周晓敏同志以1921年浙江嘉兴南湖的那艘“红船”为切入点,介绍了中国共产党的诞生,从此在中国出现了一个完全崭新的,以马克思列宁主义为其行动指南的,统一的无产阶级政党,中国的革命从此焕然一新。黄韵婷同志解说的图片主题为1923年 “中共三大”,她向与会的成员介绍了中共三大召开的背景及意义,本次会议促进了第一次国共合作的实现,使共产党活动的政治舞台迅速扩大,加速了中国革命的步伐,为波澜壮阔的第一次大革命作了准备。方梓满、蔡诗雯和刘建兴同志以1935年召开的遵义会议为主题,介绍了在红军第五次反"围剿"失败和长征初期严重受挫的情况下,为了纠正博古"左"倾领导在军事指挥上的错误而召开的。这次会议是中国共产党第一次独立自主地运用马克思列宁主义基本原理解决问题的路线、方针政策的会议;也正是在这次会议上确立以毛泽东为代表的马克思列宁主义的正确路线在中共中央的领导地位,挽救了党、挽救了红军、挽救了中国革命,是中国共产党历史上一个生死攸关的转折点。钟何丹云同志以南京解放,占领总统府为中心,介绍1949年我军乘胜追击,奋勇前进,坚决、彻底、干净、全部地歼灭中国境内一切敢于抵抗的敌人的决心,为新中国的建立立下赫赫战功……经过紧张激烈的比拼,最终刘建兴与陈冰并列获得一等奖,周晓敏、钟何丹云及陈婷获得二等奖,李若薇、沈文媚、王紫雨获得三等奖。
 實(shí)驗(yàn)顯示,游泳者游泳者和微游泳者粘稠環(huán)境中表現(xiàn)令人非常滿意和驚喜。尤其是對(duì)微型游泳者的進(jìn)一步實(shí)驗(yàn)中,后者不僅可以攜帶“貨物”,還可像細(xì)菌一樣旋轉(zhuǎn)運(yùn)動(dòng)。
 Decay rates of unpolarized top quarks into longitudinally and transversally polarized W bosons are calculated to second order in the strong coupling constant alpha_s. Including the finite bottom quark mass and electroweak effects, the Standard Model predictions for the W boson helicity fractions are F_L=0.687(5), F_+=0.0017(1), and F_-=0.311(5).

=-=-=-=-=

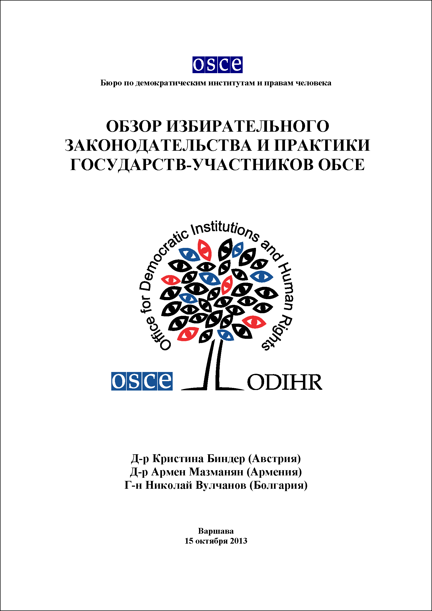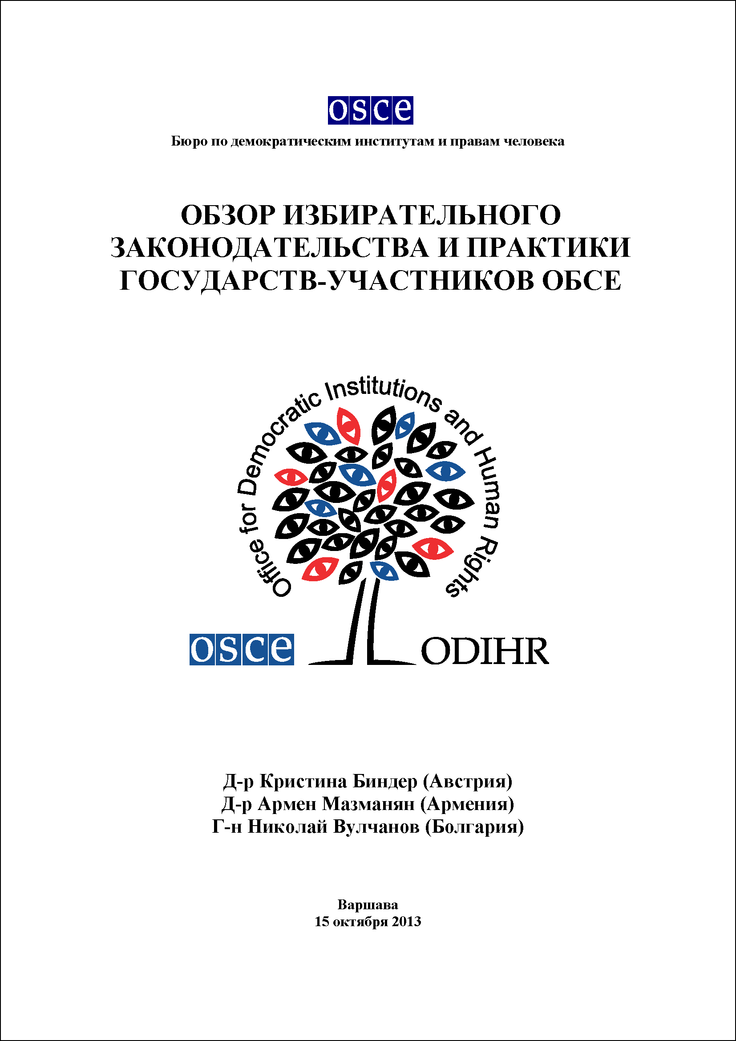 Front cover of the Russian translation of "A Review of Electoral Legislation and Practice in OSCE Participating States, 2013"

=-=-=-=-=

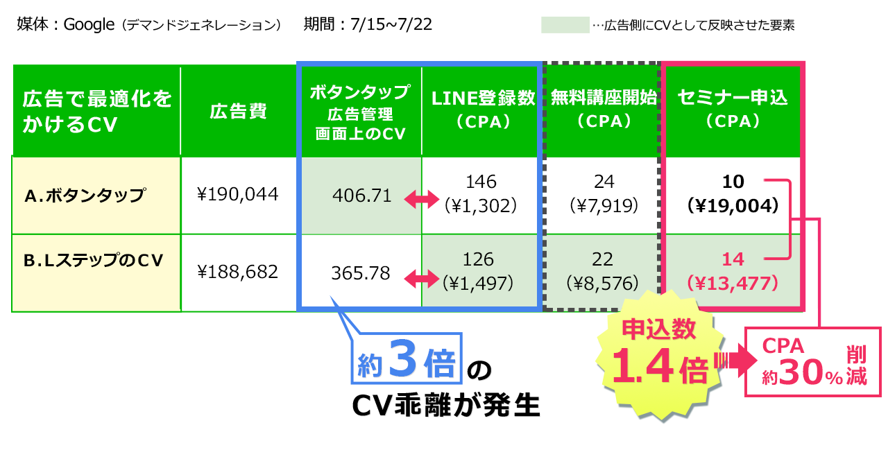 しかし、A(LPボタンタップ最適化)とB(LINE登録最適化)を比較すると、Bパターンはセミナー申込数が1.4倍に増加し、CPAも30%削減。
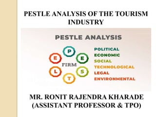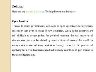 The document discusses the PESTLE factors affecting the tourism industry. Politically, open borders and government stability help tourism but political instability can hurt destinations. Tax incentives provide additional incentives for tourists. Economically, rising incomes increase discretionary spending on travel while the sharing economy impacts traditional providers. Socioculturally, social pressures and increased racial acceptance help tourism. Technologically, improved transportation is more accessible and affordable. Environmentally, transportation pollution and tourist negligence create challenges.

=-=-=-=-=

Exercise objective:
Could you set down, exactly as written, the lines above between the one holding "實(shí)驗(yàn)顯示" and the one holding "Decay rates of", inclusive, and nothing more?

Result:
 實(shí)驗(yàn)顯示,游泳者游泳者和微游泳者粘稠環(huán)境中表現(xiàn)令人非常滿意和驚喜。尤其是對(duì)微型游泳者的進(jìn)一步實(shí)驗(yàn)中,后者不僅可以攜帶“貨物”,還可像細(xì)菌一樣旋轉(zhuǎn)運(yùn)動(dòng)。
 Decay rates of unpolarized top quarks into longitudinally and transversally polarized W bosons are calculated to second order in the strong coupling constant alpha_s. Including the finite bottom quark mass and electroweak effects, the Standard Model predictions for the W boson helicity fractions are F_L=0.687(5), F_+=0.0017(1), and F_-=0.311(5).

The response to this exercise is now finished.